- _Requirement_
The material below has pictures in it. Set down only the lines from the line containing "SACRED EYEThe felt" through the line containing "Giroux crossed the", word for word, and leave the pictures behind.

- _Records to use_
::::

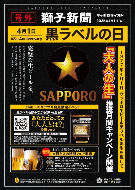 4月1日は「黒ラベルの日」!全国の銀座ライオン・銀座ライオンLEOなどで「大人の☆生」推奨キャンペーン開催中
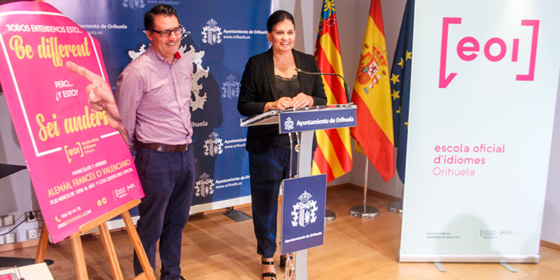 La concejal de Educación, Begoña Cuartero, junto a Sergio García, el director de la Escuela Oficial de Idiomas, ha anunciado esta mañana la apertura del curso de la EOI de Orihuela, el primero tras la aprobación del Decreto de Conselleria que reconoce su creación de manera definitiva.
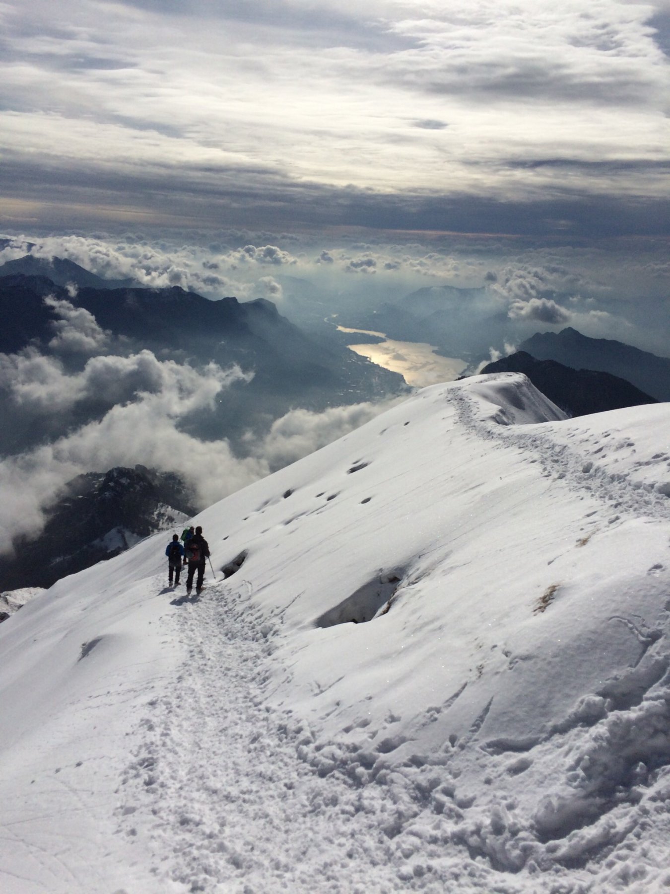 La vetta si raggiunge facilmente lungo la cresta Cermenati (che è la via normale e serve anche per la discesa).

::::

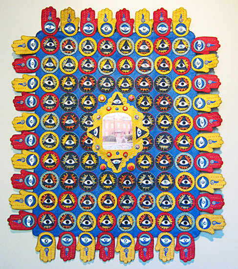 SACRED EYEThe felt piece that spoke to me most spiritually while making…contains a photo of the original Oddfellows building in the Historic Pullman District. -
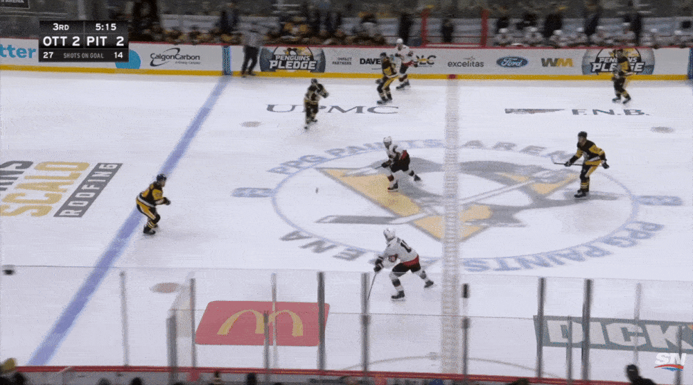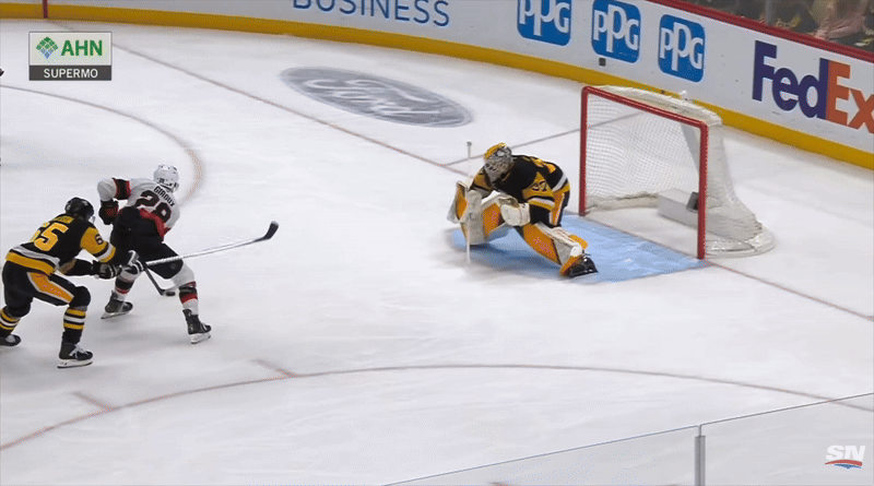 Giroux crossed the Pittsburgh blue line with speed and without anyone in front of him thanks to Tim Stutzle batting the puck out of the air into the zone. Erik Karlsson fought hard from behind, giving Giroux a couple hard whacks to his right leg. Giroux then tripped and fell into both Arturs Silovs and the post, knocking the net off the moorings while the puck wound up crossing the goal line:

::::

- _Exercise output_
 SACRED EYEThe felt piece that spoke to me most spiritually while making…contains a photo of the original Oddfellows building in the Historic Pullman District. -
 Giroux crossed the Pittsburgh blue line with speed and without anyone in front of him thanks to Tim Stutzle batting the puck out of the air into the zone. Erik Karlsson fought hard from behind, giving Giroux a couple hard whacks to his right leg. Giroux then tripped and fell into both Arturs Silovs and the post, knocking the net off the moorings while the puck wound up crossing the goal line:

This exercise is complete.